SEA関西プロセス分科会「モデリングの本質」に参加した

昨日は第46回SEA関西プロセス分科会「モデリングの本質」に参加してきた。講師は「UMLモデリングの本質第二版」の著者として有名な児玉公信氏。著書はもちろん事前に読んでいたので、どのような興味深いトピックスが飛び出してくるのかと興味津々であり、同様な関心をもつ人は多いのか参加者も多かった。

講演は、エンタープライズ系のモデリングで経験を積んできた児玉氏が、組み込み系のモデリングの世界に入って気がついた事という点から始まり、簡単なモデリングの演習などを挟みつつ、モデリングの表現に存在する様々な問題が紹介されていた。

特に興味深いと感じたのは、エンタープライズ系と組み込み系ではモデリングの目的、利用方法が大きく異なる点だ。

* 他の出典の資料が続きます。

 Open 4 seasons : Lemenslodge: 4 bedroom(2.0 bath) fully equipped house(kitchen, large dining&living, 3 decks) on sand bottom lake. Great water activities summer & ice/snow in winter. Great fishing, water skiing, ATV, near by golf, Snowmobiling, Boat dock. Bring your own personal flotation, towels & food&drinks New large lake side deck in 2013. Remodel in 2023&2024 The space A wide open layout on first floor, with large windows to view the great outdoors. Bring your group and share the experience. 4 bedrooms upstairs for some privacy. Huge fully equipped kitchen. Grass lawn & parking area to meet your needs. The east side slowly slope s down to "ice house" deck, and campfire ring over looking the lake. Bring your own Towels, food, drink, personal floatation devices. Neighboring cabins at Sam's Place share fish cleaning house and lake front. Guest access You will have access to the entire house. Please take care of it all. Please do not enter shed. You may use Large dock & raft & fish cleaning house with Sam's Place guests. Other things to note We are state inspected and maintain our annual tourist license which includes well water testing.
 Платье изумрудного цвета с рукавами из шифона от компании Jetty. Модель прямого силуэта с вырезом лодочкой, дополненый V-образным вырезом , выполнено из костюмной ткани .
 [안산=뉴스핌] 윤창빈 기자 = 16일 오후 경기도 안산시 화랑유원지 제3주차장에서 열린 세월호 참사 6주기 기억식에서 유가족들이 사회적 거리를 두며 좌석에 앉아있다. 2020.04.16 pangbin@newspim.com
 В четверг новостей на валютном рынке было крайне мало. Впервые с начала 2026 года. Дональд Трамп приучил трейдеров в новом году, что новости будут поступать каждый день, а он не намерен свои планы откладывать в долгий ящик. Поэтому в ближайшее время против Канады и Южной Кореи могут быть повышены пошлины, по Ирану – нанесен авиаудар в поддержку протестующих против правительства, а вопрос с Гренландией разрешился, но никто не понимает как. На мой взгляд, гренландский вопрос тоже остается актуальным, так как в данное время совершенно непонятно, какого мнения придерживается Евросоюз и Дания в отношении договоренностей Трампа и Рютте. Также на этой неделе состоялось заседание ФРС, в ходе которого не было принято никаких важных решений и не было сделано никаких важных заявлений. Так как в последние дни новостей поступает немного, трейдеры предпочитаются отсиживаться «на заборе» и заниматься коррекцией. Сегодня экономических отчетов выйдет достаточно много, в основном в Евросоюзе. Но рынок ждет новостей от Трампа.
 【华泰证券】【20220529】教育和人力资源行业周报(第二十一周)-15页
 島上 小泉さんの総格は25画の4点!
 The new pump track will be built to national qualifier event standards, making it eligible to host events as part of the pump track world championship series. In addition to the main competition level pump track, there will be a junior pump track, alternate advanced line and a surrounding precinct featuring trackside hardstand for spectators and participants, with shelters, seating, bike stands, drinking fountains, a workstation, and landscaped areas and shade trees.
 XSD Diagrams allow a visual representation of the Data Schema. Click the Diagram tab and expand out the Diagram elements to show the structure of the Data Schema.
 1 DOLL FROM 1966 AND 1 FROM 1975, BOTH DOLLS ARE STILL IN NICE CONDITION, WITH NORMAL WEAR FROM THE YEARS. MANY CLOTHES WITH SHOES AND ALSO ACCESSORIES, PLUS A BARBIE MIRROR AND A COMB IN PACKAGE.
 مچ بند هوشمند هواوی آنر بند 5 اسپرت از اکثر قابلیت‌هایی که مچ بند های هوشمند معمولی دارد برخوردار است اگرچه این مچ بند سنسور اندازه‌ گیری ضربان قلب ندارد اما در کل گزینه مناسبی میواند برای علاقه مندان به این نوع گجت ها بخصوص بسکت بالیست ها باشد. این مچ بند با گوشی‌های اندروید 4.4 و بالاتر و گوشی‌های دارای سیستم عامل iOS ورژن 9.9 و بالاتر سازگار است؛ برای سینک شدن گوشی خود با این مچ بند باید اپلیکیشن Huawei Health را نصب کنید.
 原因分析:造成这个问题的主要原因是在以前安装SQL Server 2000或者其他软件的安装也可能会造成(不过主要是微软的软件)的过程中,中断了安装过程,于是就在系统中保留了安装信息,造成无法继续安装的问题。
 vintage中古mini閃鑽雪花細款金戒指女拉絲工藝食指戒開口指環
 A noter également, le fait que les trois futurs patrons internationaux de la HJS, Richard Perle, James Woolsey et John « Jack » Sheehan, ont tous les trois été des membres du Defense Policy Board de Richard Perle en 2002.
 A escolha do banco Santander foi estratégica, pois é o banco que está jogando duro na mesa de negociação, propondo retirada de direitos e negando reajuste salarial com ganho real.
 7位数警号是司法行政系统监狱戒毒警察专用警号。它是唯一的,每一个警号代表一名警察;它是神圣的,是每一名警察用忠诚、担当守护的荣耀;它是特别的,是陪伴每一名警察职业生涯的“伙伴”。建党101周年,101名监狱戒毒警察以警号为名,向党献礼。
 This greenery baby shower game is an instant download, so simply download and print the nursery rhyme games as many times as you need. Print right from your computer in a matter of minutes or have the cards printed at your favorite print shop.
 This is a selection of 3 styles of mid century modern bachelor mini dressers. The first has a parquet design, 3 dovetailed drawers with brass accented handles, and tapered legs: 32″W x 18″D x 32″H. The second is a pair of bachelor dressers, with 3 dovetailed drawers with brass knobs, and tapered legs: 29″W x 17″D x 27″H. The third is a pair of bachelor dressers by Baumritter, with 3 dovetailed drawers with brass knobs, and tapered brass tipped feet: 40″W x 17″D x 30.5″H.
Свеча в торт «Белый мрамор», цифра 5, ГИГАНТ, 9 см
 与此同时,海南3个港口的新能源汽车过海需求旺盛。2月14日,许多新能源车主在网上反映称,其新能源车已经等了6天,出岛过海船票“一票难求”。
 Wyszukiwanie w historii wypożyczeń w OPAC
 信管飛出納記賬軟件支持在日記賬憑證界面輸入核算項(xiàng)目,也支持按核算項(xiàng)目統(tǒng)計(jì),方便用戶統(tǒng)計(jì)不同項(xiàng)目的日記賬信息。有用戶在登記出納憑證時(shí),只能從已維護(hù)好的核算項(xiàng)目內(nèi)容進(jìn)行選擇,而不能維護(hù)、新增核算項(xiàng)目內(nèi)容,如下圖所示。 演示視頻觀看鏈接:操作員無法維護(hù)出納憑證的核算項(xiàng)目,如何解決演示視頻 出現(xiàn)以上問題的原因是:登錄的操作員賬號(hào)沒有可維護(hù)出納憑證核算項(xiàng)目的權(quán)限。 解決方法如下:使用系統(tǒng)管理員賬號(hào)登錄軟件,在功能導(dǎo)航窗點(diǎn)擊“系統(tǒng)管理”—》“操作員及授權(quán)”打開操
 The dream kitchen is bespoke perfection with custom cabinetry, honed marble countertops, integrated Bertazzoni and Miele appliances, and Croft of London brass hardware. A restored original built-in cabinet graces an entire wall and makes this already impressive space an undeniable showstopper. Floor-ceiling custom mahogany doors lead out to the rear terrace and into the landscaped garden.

現状をどう捉えるか?という問題提起から始まるエンタープライズ系に対し、既に存在するハードウェアをどのように動かすか?という方法論に重点を置くのが組み込み系の特徴なのだ。

演習ではETロボコンのロボットカー制御モデルの例に関して問題点を指摘するという問題が出たのだけど、エンタープライズ系の人たちの中には「そもそもモデルに記載されている内容が全く理解できない」という人もいたようだ。両方の分野を業務として取り組む人は少ないし、UMLの利用形態として全く別の世界観が存在するという事実が改めて浮き彫りになったようにも感じた。

単純なエレベータのシミュレータ程度ならハードウェアの各パーツと結びついた素朴なモデルでも充分に役立つものの、会場からの質問でも出たように、大規模な組み込み系の開発になるほど概念の理解や戦略の存在が求められるはずであり、そういった意味では組み込み系のモデリングエンタープライズ系のモデリングから学べる点が多々あるはずだろう。

そんな問題提起を踏まえつつ、後半の講演では、組み込み系モデルの一般化は出来ないか、情報システムのアーキテクチャを参考にできないか、バス中心型の動的モジュール構造の試み等の興味深いトピックスが続いたのだけど、大学のゼミのディスカッションを思わせる議論が多くて、自分としてはやや興味の対象を外れる内容だった。現在のモデリングの利用に課題があるのは事実で、それを改善するための方策を次世代のモデリングとして捉えるならば、今回の話に出てきたのは次々世代の内容とも言えるような気がする。今の開発現場に生かせるヒントを求めていた私のような参加者には、やや敷居が高い内容だったように思う。

なお、モデルに正解は無い、という主旨のコメントが話の中で度々出てきて、確かにそれはその通りで目的や観点によってモデリングの形が異なるのは当然だし、唯一無二の解を求めているわけではないのだけど、開発現場でそんな「正解は無い」と言う主張は通用しないし、答えの無いものを参照して使いものになるのか?という現場の反発を抑えこむことは難しいと思う。共通理解として当事者全員の合意が得られる程度のモデリングの「正解」は求める必要があると思っている。

今回の分科会では、最近「UMLモデリングの本質第二版」を出版された、児玉公信氏を講師にお招きして、モデリングの「心」と「実践」について縦横に語りつくしたいと思います。